Prenuptial agreements should work as long as the safety nets are in place to protect the vulnerable and by this I would refer to couples who subsequently have children or the weaker partner in financial terms. Safety nets would require full disclosure of both parties position, the regular review of the document, the need for independent legal advice and sufficient time in advance of the wedding for consideration to be given.  All of these points are included within the Executive Summary provided by the Commission.

But in my view at the beginning of the relationship, neither party is expecting to receive anything from the other and upon formalising that relationship couples should be encouraged to consider protecting themselves. They are more likely to agree matters in advance of a wedding than after when a wide range of emotions may be present particularly in view of how the marriage has broken down.

So that brings me onto divorce insurance, it is available in some states in the USA and also on the continent. You can insure against most things these days so why not divorce?
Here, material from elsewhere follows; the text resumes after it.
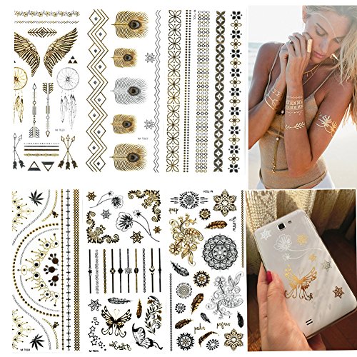Premium Metallic Tattoos- 6 Sheets Temporary Tattoos for Girls 100+ Fake Tattoos, Beautiful Stickers for Body and Cellphones

No doubt insurance institutions are looking at this market given that currently more than 100,000 marriages end each year in divorce but how to quantify the premiums and benefits is clearly an interesting point.

Could there be a requirement for a prenup? Does the insurance have to be repaid upon a reconciliation, are you insuring against the lawyers fees or settlement amount or cost of rebuilding a life following a divorce? Would both parties have large one-off premiums or would you pay monthly by direct debit? I am sure it will not be long until it is available but whether the costs would be prohibitive and beyond many pockets remains a question.    

The UK press has numerous articles at this time of year about Family law issues some of them regarding the so-called “D-day” where D stands for divorce being typically the first day back in the office following the New Year break as couples rush to take advice following separations and arguments over Christmas and New Year.

According to the Family Mediation Helpline 1.8m couples contemplate divorce over the Christmas period and Relate report a massive surge in calls during the festive season. Clearly no qualifications are necessary explain the numerous pressures that family’s experience during this time.  Couples have to cope with the financial pressures and practical  arrangements such as which family to see and when. They also have to deal with the biggest hurdle of having to spend extended time together as a family. This can be a significant change of routine for both parties and as such can lead to a breakdown in communication and ultimately separations.

The Festive time is also a time when many couples become engaged and so whilst the negativity of the New Year press reports paint a picture of doom and gloom it is the start of many couples planning for the future together and hopefully they will not be put off.  Many couples still consider that marriage is important and with a Royal wedding in April highlighting this point perhaps my recommendations for all couples to take advice upon a prenup continues this negativity but then as a lawyer would you expect anything else?